2. Sudigundalu/Maro Prapancham:
Buoyed by Mooga Manasulu’s massive success in Telugu and Hindi (as Milan), the Adurti-Akkineni duo were sucked into a whirlpool of creative ambition and social aspiration, coming out with two underappreciated gems, Sudigundalu and Maro Prapancham.
Sudigundalu, the first and better, was based on the Leopold Loeb trail and Maro Prapancham inspired by Plato’s Republic.Despite their differences, both films are about children, a visible concern for Adurti, who made a massy Krishna film around the ethical dilemma of a child. The two films were loyal to their unconventional genres, with barely a song or two.

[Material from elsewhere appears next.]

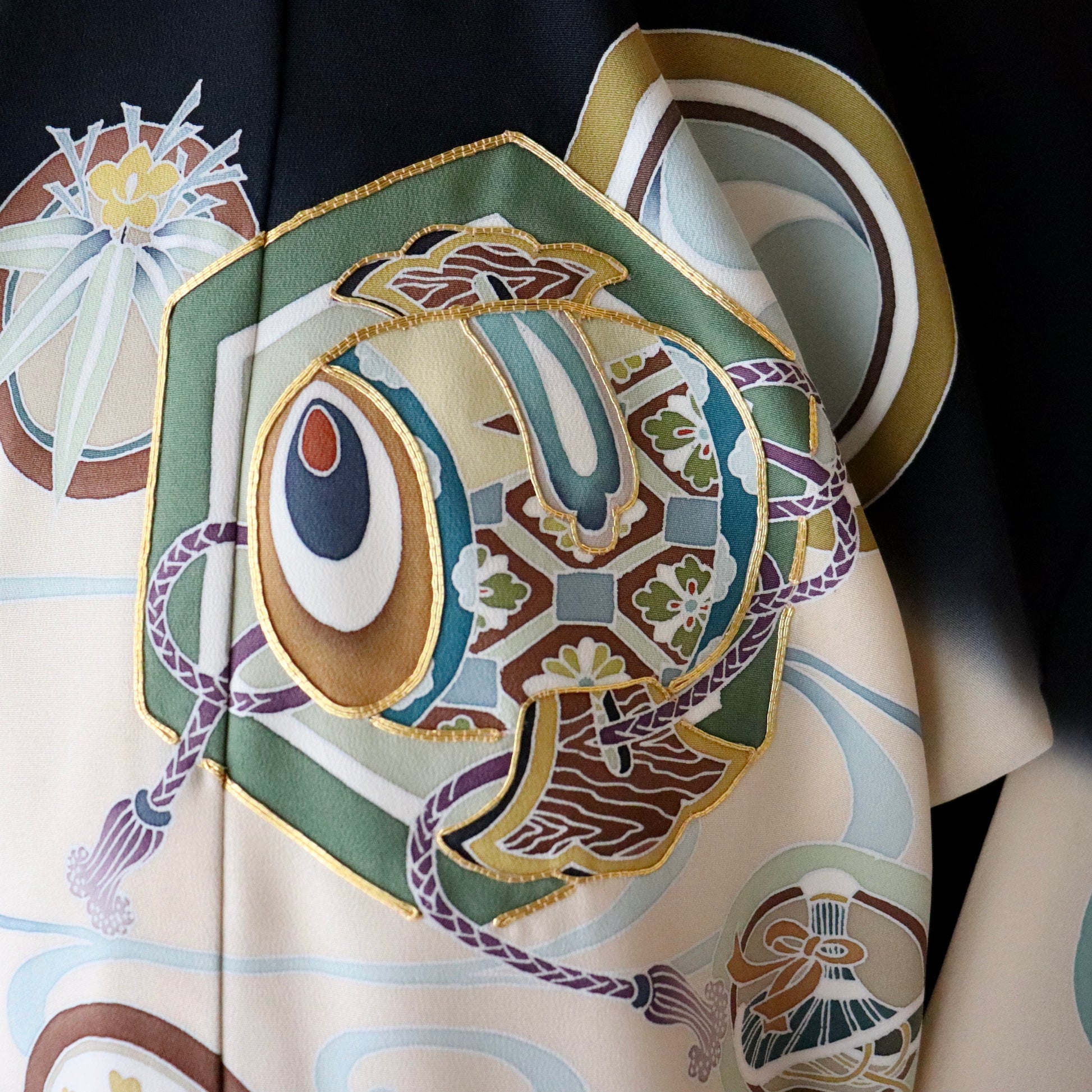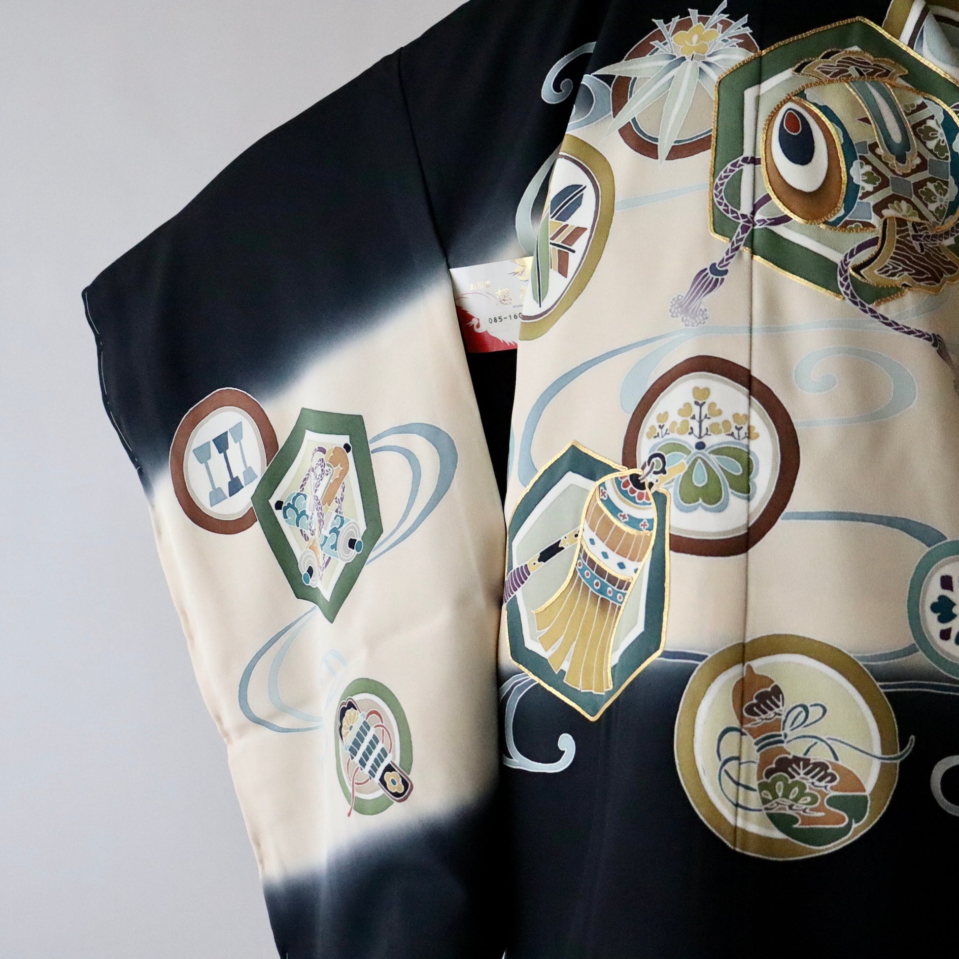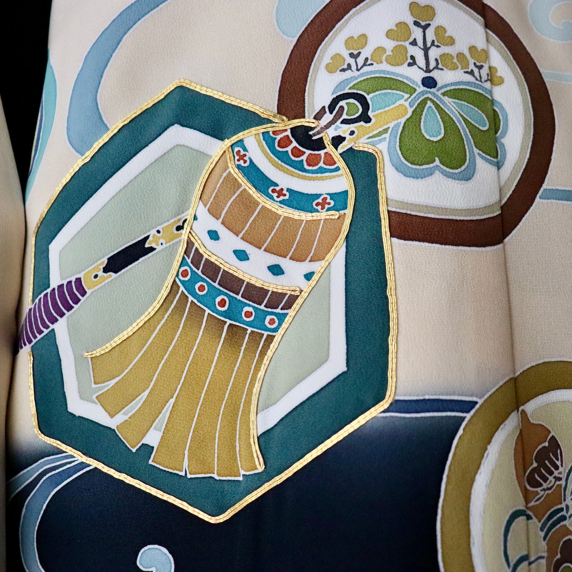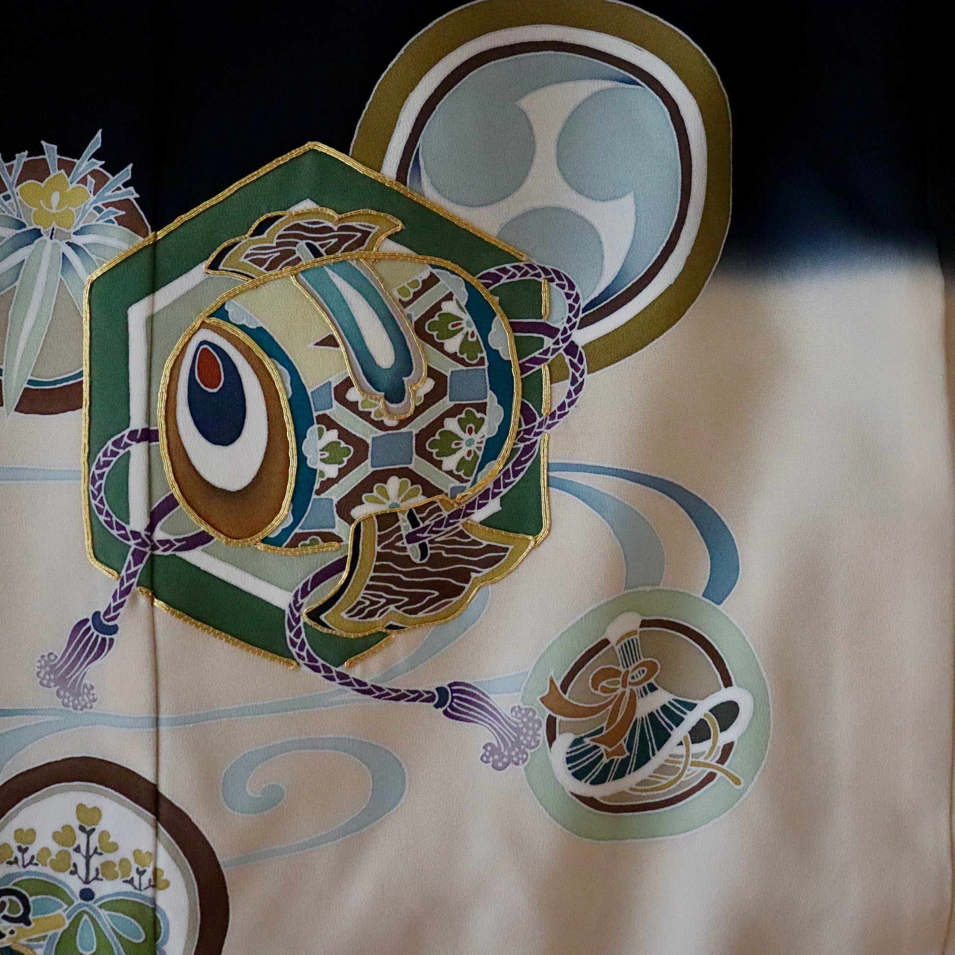 古典的柄構図「熨斗目」に小槌や瓢箪の「亀甲文」「丸文」を御祝着らしく上品かつ可愛げに染め描いた本作。手描き友禅による美しい柄描写と色彩、そして品のある金彩。男児の御祝着らしい潔く凛とした印象が美事な御祝着セットです。
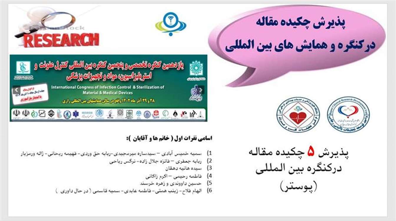 پذیرش 5 چكیده مقاله در همایشها و كنگره ی بین المللی

In the absence of these songs, we witness some extraordinary craft from Adurti who went a bit too fast in redefining cinema for his audiences here, resulting in two genuinely great films that were sadly forgotten by the audience and only gained prominence to a newer generation by virtue of Kamal Haasan including Sudigundalu in his fascinating 70 Indian film list.
1. Devadasu:
The appearance of Devadasu in anything about ANR was not exactly inevitable. While films like Prem Nagar had great music and some good moments, I took little discomfort in considering them overrated and these too were ANR canon. But when it comes to ANR’s Devadasu, one cannot help but be blown by the sheer honesty in ANR’s work, shorn of any alcoholic affectation he would later enact. As he sits under a streetlight, dog by his side, musing “Jagame Maya”, one cannot help but despise and sympathize with this fellow who is not strong enough for defiance and chooses self destruction instead.
A greatest contrast could not exist between ANR and Devadas: the rich foreign educated fauntleroy versus the poor uneducated stage boy, the man who chose to self destruct versus the artist who did his best to defy, even cancer for a final page and whose defiance led to a long life and legacy that is relevant even longer.